(Beginning of Collected material)

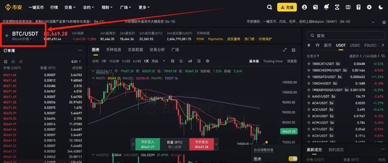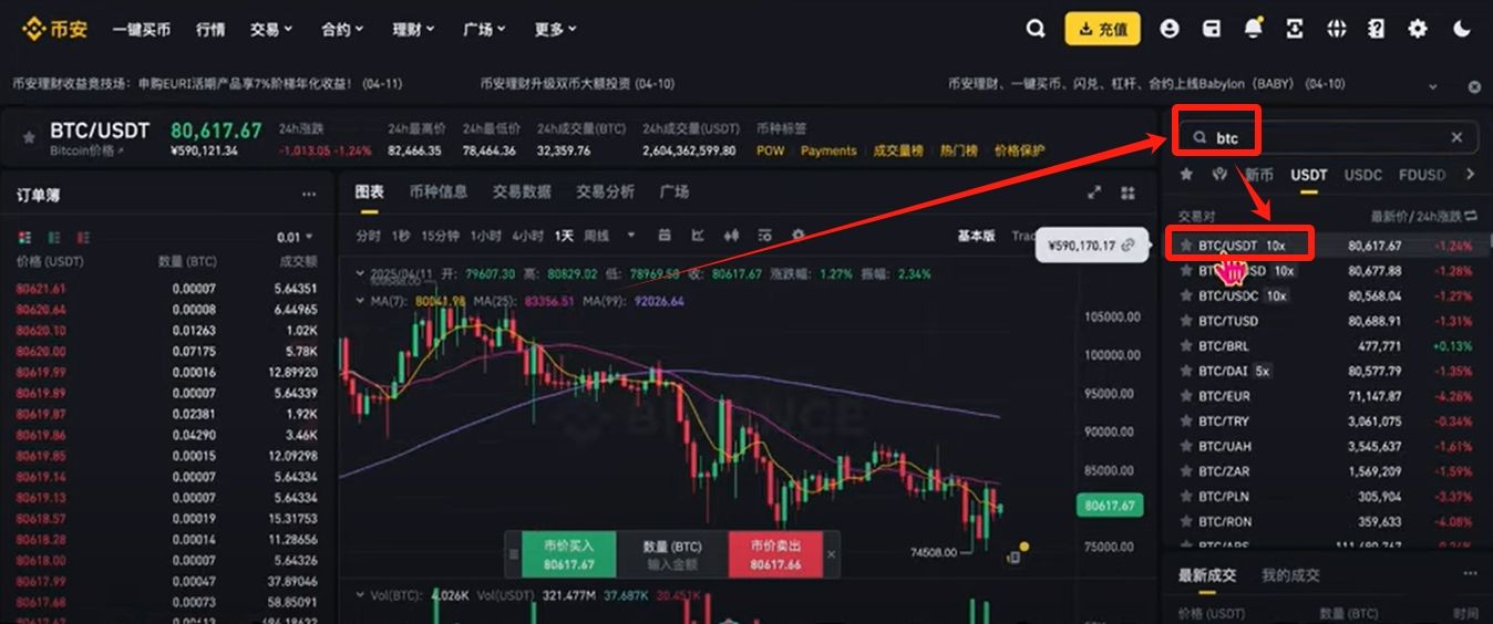 我们在这里就可以使用USDT来兑换任意的虚拟货币了。在右边这里你可以搜索你想要兑换的币种,比如说我想要购买比特币就搜索“BTC”,然后选择第一个“BTC/USDT”,就是我使用USDT去兑换比特币。同样你可以在这里搜索你想要兑换的其他任意的品种。
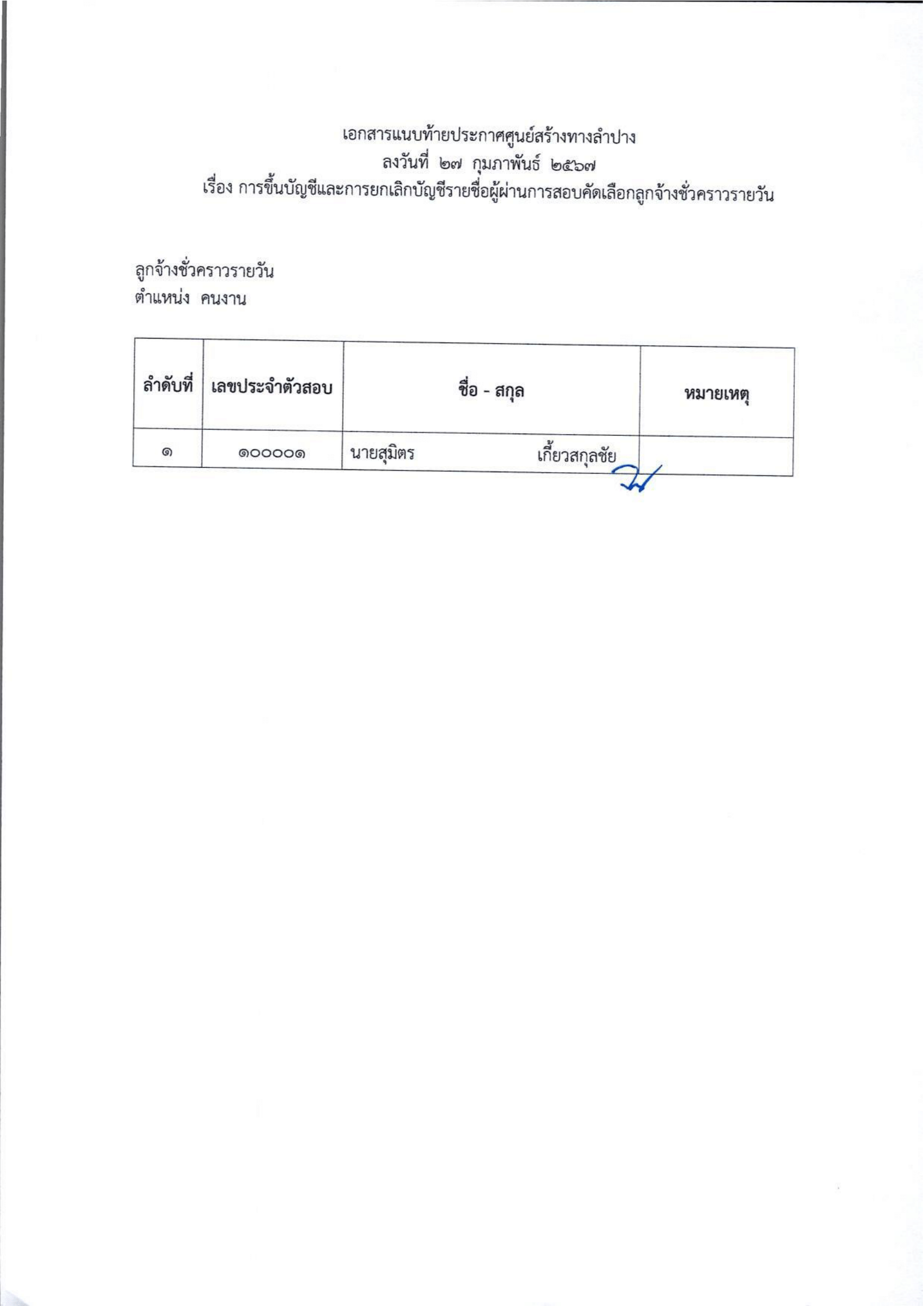 รายชื่อผู้ผ่านการสอบคัดเลือกเป็นลูกจ้างชั่วคราวรายวัน
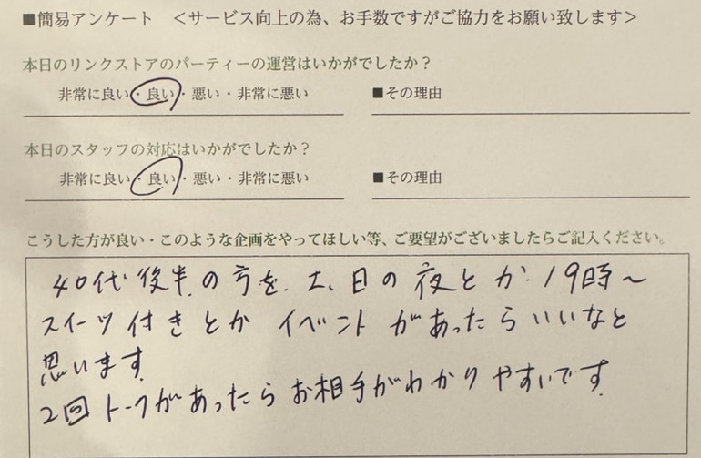 「再スタートをお考えの方向け」のパーティー開催についてのご要望、とても参考になります✨皆さまからいただくリアルなお声は、新しい企画づくりの大切なヒントになっております。
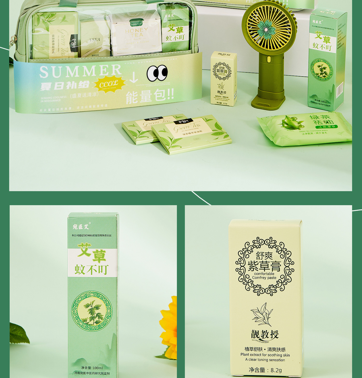 summer cool gift bag 24: cooling plaster * 2 + safeguard soap + straw cup + honey heytea + argy wormwood mosquito repellent liquid

(End of Collected material)

• Your goal
Write the data out again word for word; leave the pictures behind.

• Problem solution
 我们在这里就可以使用USDT来兑换任意的虚拟货币了。在右边这里你可以搜索你想要兑换的币种,比如说我想要购买比特币就搜索“BTC”,然后选择第一个“BTC/USDT”,就是我使用USDT去兑换比特币。同样你可以在这里搜索你想要兑换的其他任意的品种。
 รายชื่อผู้ผ่านการสอบคัดเลือกเป็นลูกจ้างชั่วคราวรายวัน
 「再スタートをお考えの方向け」のパーティー開催についてのご要望、とても参考になります✨皆さまからいただくリアルなお声は、新しい企画づくりの大切なヒントになっております。
 summer cool gift bag 24: cooling plaster * 2 + safeguard soap + straw cup + honey heytea + argy wormwood mosquito repellent liquid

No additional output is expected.